Geno Plushie Bloggy Blog Part 1

Surely you know Geno, the literal Star of the classic video game: Super Mario RPG? This plushie version of him has always been a popular seller in my store. I wish I could just pump out a ton of Geno plushies, but he's quite involved to construct! This blog-thingy, while not meant to be a complete tutorial, is meant to educate budding sew-ers on some of the techinques I use to make plushies and inspire them to make similar things. Or if they're really up to it, they can try to make their own Geno! Though if you don't sew, maybe you'll get a kick out of how flat pieces of fabric are magically turned into a cool 3D doll. Sometimes Geno plushies are available in my Etsy store, although they tend to sell out quickly.

By the way, this is the old version of Geno, made back in 2012. His current pattern, updated in 2018, is even more intricate, with embroidered eyes, man boobs, a shapely butt, and shoe shafts that wrap around his ankles. I'll go over the differences at the end of this bloggy blog.


Anyways, let's start with Geno's head!

Here are all the pattern pieces for Geno. I just make all my pattern pieces on scrap paper.

The fabric I use for Geno's body is a kind of very low pile velour of sorts. I want him to be textured and cuddly without being too fuzzy.

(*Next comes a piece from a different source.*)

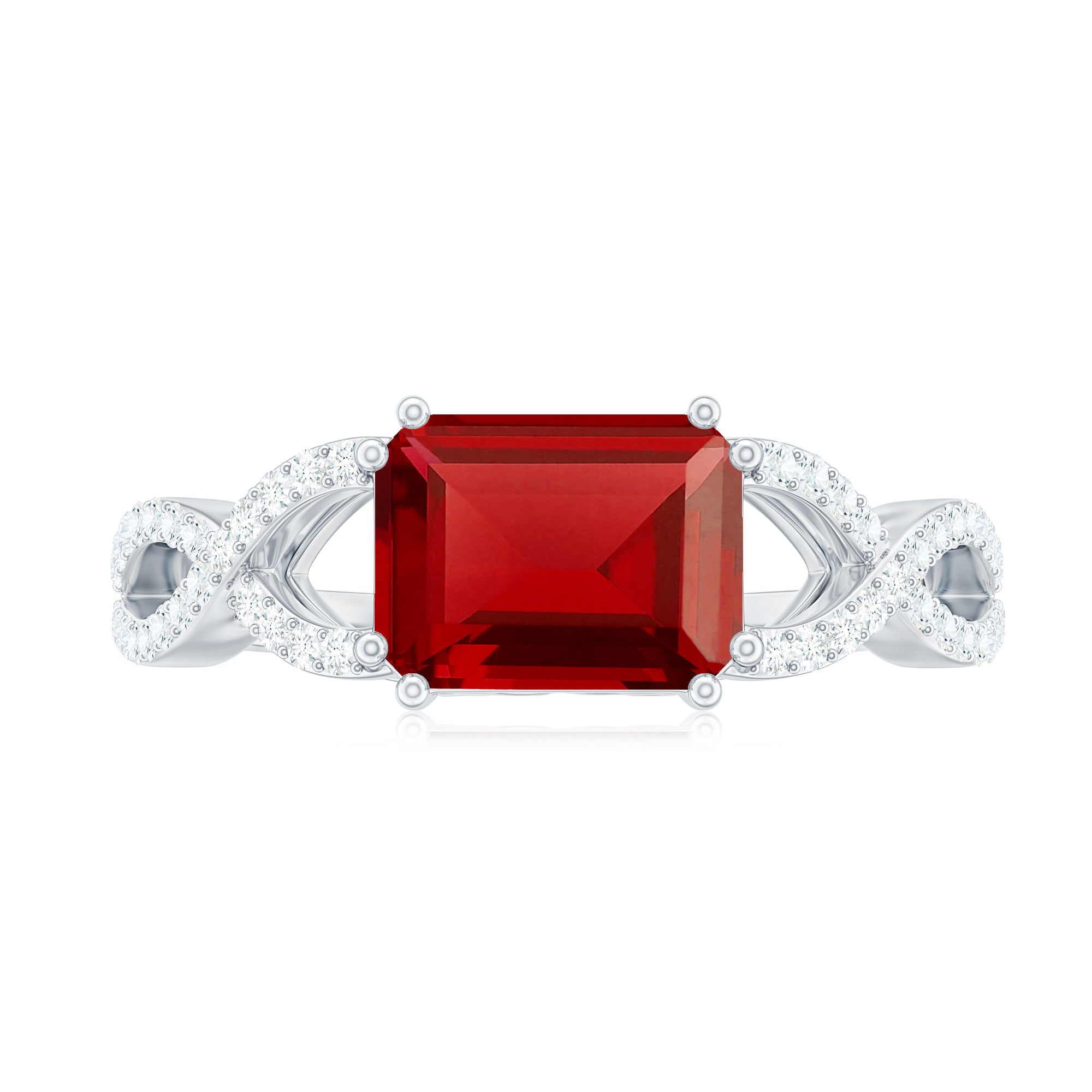 Emerald Cut Created Ruby East-West Crossover Ring with Diamond

Here's the front and back pieces of his head. Their pattern pieces are different, with the front piece (on the left) having some very precise darts to control the shape of the head and the positions of the seams. As you will see later, the only seams that will be visible on the front of the face are the two that run down his eyes. It corresponds to the lines that run down Geno's eyes in the official art. I love it when seams are both functional and add to the overall look!

An here's his head all put together and stuffed. Although... there seems to be something missing....

OH BUTTS, I forgot his ears! Well, that's straightforward enough to fix.

The hat is simply three fabric pieces sewn together with the hem folded up once and sewn. I used to use polyester satin for Geno's cape and hat, but I happen to have lots of blue taffeta, so I use that as well as yellow satin together.

To make the yellow symbol on Geno's hat, I use acrylic paints with some fabric medium so it doesn't get too plasticy. But the plasticy quality of acrylic is good on the dark taffeta; it's not so transparent that the blue shows through, and it won't bleed. As you can see here, I pull the hat over the head to paint them, with a scrap of paper protecting the face.

White fleece semi-circles are positioned carefully using pins, then hand-sewn onto the face. I like using fleece when I hand-applique because its edges don't fray and it is fuzzy enough to hide my stitching job.

However, that can make the pupils of Geno's eyes look fuzzy. I control that a little bit by using a dimensional fabric paint. Once it's dry, I'll iron it under a piece of cloth, making flattening out the paint.

Their mouths are embroidered on. Yeah! Look at these handsome devils.

Geno's curly locks are made out of polyester ribbon. First, I wrap a few lengths of it around a stick and tape them to keep them rolled.

Then I boil the ribbon. The thing about polyester is that it responds well to heat. It's pretty much plastic.

Curly ribbon! I cut them into appropriate lengths and burn the ends so they don't fray.

I carefully shape the curls around pins and apply a gloss acrylic medium. This will stiffen the ribbon. I used to use starch, but that stuff tends to melt away with moisture and time, leaving droopy ribbon.

I sew on the hair, then I sew the hat right onto the head. There sure is a lot of hand sewing on these guys!